#  > > >  >  > Форум >  > > >  >  > Информация >  > > >  >  > Буддийская литература >  > > >  >  >  Научные книги по истории буддизма

## Ассаджи

Доброго времени!

Есть ли хоть одна непредвзятая книга по истории буддизма на русском языке?

----------


## Поляков

> Доброго времени!
> 
> Есть ли хоть одна непредвзятая книга по истории буддизма на русском языке?


Непредвзятые в каком смысле?

----------


## Tiop

Ассаджи, в начале XX в. были переведены несколько работ и переводов Т. Рис-Девидса, среди них была и "Буддийская Индия" (1903 г.).

А какую из книг по этой теме Вы бы назвали непредвзятой ? (В мировой науке).

----------


## Ассаджи

> Непредвзятые в каком смысле?


ПРЕДВЗЯТЫЙ, предвзятая, предвзятое; предвзят, предвзята, прдвзято (книжн.). Основанный на предубеждении, заранее, до ознакомления с сущностью чего-н., принятый, являющийся плодом какого-н. предрасположения. Предвзятая мысль. Предвзятое суждение. Предвзятая точка зрения. Его суждения очень предвзяты. Предвзято (нареч.) судить.

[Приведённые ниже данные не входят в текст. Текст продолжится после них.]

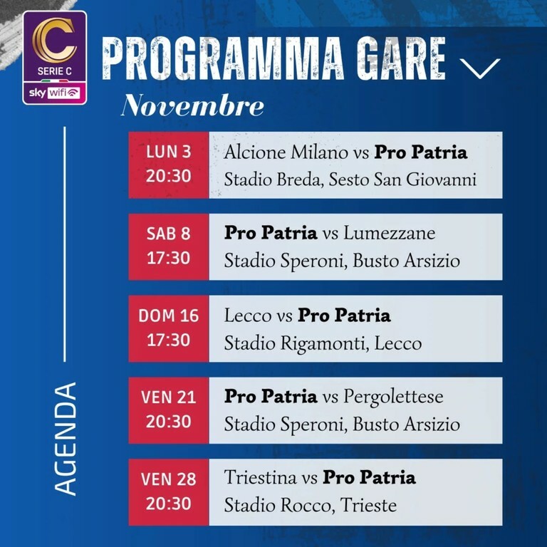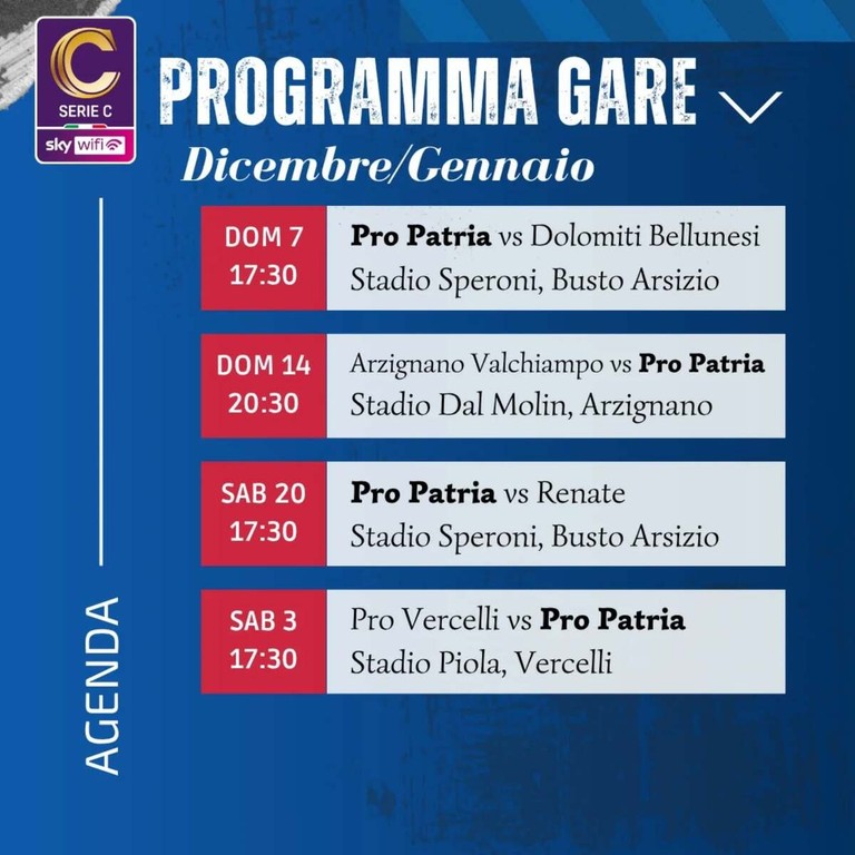 Quattro partite per chiudere il girone d’andata, inaugurare il ritorno e - si spera - anche un nuovo anno all’insegna del riscatto. È questo il percorso che attende la Pro Patria tra dicembre e gennaio, con in mezzo la consueta sosta natalizia.

http://dic.academic.ru/dic.nsf/ushakov/967302

----------


## Поляков

> ПРЕДВЗЯТЫЙ, предвзятая, предвзятое; предвзят, предвзята, прдвзято (книжн.). Основанный на предубеждении, заранее, до ознакомления с сущностью чего-н., принятый, являющийся плодом какого-н. предрасположения. Предвзятая мысль. Предвзятое суждение. Предвзятая точка зрения. Его суждения очень предвзяты. Предвзято (нареч.) судить.
> 
> http://dic.academic.ru/dic.nsf/ushakov/967302


Это понятно. А в вашем случае, что значит "непредвзятая книга по истории буддизма"? Автора тхеравадина?

----------


## лесник

> Доброго времени!
> 
> Есть ли хоть одна непредвзятая книга по истории буддизма на русском языке?


Не знаю, бывают ли в принципе непредвзятые книги по истории религии, но у Торчинова, например, более-менее объективный взгляд в его книгах. Вообще лучше искать книги по истории буддизма в конкретных регионах, а не в целом. Больше шансов, имхо.

----------


## Ассаджи

> Ассаджи, в начале XX в. были переведены несколько работ и переводов Т. Рис-Девидса, среди них была и "Буддийская Индия" (1903 г.).

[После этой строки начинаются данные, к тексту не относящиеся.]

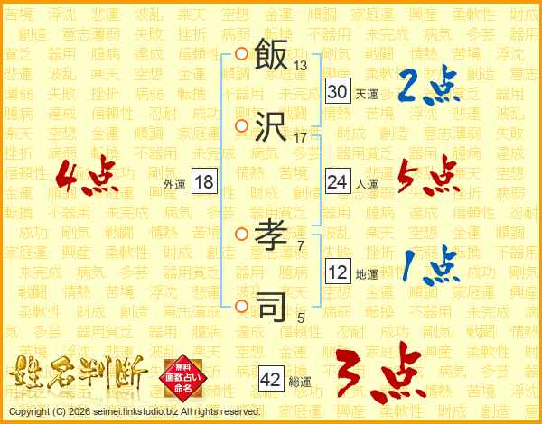 飯沢孝司さんの天運は30画の2点!

Хотелось бы, чтобы была книга с подробным исследованием общей истории буддизма.




> А какую из книг по этой теме Вы бы назвали непредвзятой ? (В мировой науке).


Мне больше всего нравится книга Руперта Гетина "Основы буддизма"

http://www.amazon.com/Foundations-Bu.../dp/0192892231
http://www.wisdom-books.com/ProductExtract.asp?PID=7461

В инете есть:

P.V. Bapat
2500 Years Of Buddhism

http://www.quangduc.com/English/hist...2500years.html

Original versions of entries by Peter Harvey for Encyclopedia of Buddhism, edited by Damien Keown and Charles S. Prebish, London and New York, Routledge, 2007

http://www.sunderland.ac.uk/buddhist/originaleob.pdf

Hirakawa Akira, Paul Groner    
A History of Indian Buddhism: From Sakyamuni to Early Mahayana

http://www.questia.com/PM.qst?a=o&d=45650771

David J. Kalupahana
A HISTORY OF BUDDHIST PHILOSOPHY
Continuities and Discontinuities

http://www.questia.com/PM.qst?a=o&d=65394022

Buddhism, an introduction

This document is a draft of a chapter from a forthcoming book, Anthology of Scriptures of World Religions, by John Powers and James Fieser, to be published by McGraw-Hill Publications in 1997.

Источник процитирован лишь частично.